И еще на Магадане услыхал я (и прочел потом) о самой восточной стройке, задуманной усатым гением и уже начавшей осуществляться, – о тоннеле на остров Сахалин. Длиной в одиннадцать километров, он тянуться должен был ниже уровня морского дна, на глубине почти пятьдесят метров. Эдакий российский Ла-Манш. И для бомбардировок он недосягаем был бы – особо веский пункт проекта и подробность очень яркая для времени борьбы за мир, которой так была увлечена советская империя. И шахту изначальную уже пробить успели до намеченной тоннелю глубины, и был насыпан остров – дамба, чтобы укротить течение, и тюбинги стальные девятиметровые в диаметре (как те, которыми тоннели метрополитена выложены) уже начали сюда везти. И сорок тысяч зэков здесь уже работало, но как только стратег загнулся, так немедленно затею эту прекратили, очень уж безумен и бессмыслен был проект. А может быть, с рабочей силой были затруднения. Ведь бесчисленные северные стройки с дикой, сумасшедшей скоростью перемалывали поступающих рабов. И недаром еще в сорок пятом, за три месяца до окончания войны, когда на Ялтинской конференции уже писался протокол, что? каждая из победивших стран возьмет с Германии, оговорил стратег усатый некое диковинное (Средними веками пахнувшее) право для своей империи: использовать немецкое население для восстановления советского народного хозяйства. Во вкусе рабского труда он, как никто, был сведущ в это время.
И первые такие лагеря уже возникли, и не военнопленные в них были, а гражданские, прихваченные как попало в разных городах на оккупированной зоне. А потом эта идея как-то незаметно выдохлась и сникла – очевидно, было проще и дешевле набирать рабов из собственных немереных просторов. А году в сорок девятом отпустили всех гражданских немцев, кто еще в живых остался. Думается мне, что досаждал Международный Красный Крест, а собственной империи невольники гуманный внешний мир не волновали. Только не хватало их – отсюда и посадки массовые, что пошли в конце сороковых, когда повсюду брали «повторников», то есть некогда уже сидевших, но оплошно выпущенных по окончании срока.
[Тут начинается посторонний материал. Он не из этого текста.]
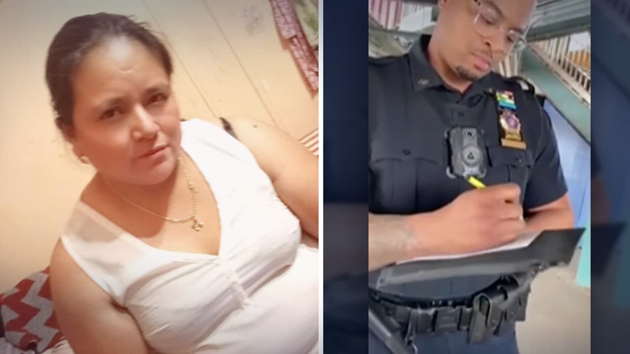 María Falcón grabó el momento en que sintió la 'burla' de un oficial de la policía de NYC, mientras otro agente la multaba. La ecuatoriana dijo que la reacción del policía al escucharla responder en inglés fue "humillante".

Уже нисколько не политика это была, а экономика рабовладельческой империи.
В миллионах исчисляется число рабов, строивших ту канувшую империю. Забавно (хоть и неправильно выбрано мной это легковесное слово), что все неисчислимое начальство лагерей в своих несметных отчетах и рапортах употребляло слово «рабсила», не замечая, как двусмысленно оно звучит.
Но Нюрнбергский суд так и не случился в России. Написав эту фразу, я вспомнил, как, возвращаясь из музея в гостиницу, застыл ошеломленно на какой-то из центральных улиц. Там на стенах сразу трех стоящих рядом домов (на одном бы не поместилось) вывел кто-то громадными буквами: «Магадан был, Магадан есть, Магадан будет!»
Города и годы
Да читал, читал я книгу Константина Федина с этим названием. Но у него литература художественная, у меня же – никакая. А заимствовать слова, которые мне впору и годятся – дело справедливое и верное.
В каждом почти городе я натыкаюсь на какую-нибудь частную историю, которая переполняет меня радостью: хотя бы ради этого не жаль было потратить месяц странствий, думаю я всякий раз.
В Биробиджане, например, в музее, посвященном тому краткосрочному еврейскому переселению (все было как всегда: обманные посулы и немыслимые тяготы), вдруг увидел совершенно там некстати находящуюся книгу оголтелого и ярого марксиста двадцатых годов Абрама Деборина (кажется, это была «Философия и марксизм»).